Sometimes you have to keep starting new session until it works. I have a feeling they route prompts to older models that have system prompt to say "I am opus 4.6", but really it's something older and more basic. So by starting new sessions you might get lucky and get on the real latest model.
> My point is that they must apply these restrictions.
I fully understand and respect they need restrictions on how you can use your subscription (or any of their offerings). My issue is not there there _are_ restrictions but that the restrictions themselves are unclear which leads to people being unsure where the line is (that they are trying not to cross).

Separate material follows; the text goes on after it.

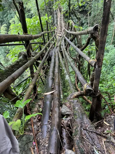 Die heute ältesten Beispiele der Baubotanik sind die lebenden Brücken der Khasi in Nordostindien. Hier werden Wurzeln des Gummibaums gezielt verflochten und über Generationen gelenkt, bis sie stabile Brücken bilden. Auch in Europa gibt es historische Formen: geflochtene Hecken, Laubengänge oder die Tanzlinden in Franken, deren Kronen über Jahrhunderte in Form gehalten wurden. Sie zeigen, wie Bäume nicht nur als Dekoration verstanden wurden, sondern als lebende Strukturen mit Nutzen – kulturell, sozial und funktional.
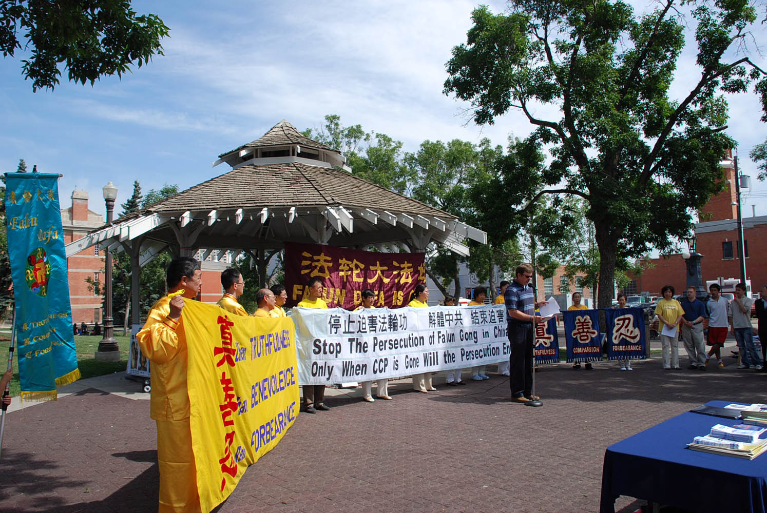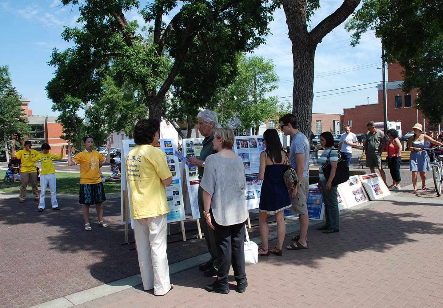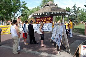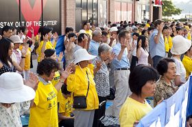 虽然烈日炎炎,法轮功学员宁静祥和的炼功场面吸引了很多过往的游客。在随后举行的集会上,美国不同族裔人士以演奏音乐、表演歌曲或发表演讲的形式,呼吁国际社会关注已持续了十年之久的这场中共针对法轮功的迫害,为中国大陆的法轮功学员争取自由。

Put simply: At what point is `claude -p` usage not allowed on a subscription:
- Running `claude -p` from the CLI?
- Running `claude -p` on a Cron?
- Running `claude -p` as a response to some external event? (GH action, webhook, etc?)
- Running `claude -p` when I receive a Telegram/Discord/etc message (from myself)?
Different people will draw the line in different places and Anthropic is not forthcoming about what is or is not allowed. Essentially, there is a spectrum between "Running claude by hand on the command line" and "OpenClaw" [0] and we don't know where they draw the line. Because of that, and because the banning process is draconian and final with no appeals, it leads to a lot of frustration.
[0] I do not use OpenClaw nor am I arguing it should be allowed on the subscription. It would be nice if it was but I'm not saying it should be. I'm just saying that OpenClaw clearly is _not_ allowed but `claude -p` wouldn't be usable at all with a subscription if it was completely banned so what can it (safely) be used for?
Not just that, but there’s really no way to come to an objective consensus of how well the model is performing in the first place. See: literally every thread discussing a Claude outage or change of some kind. “Opus is absolutely incredible, it’s one shotting work that would take me months” immediately followed by “no it’s totally nerfed now, it can’t even implement bubble sort for me.”
Suuuuuuure it was.
That said, I had way better experiences with old (but contemporary) Apple hardware than any other kind of old hardware.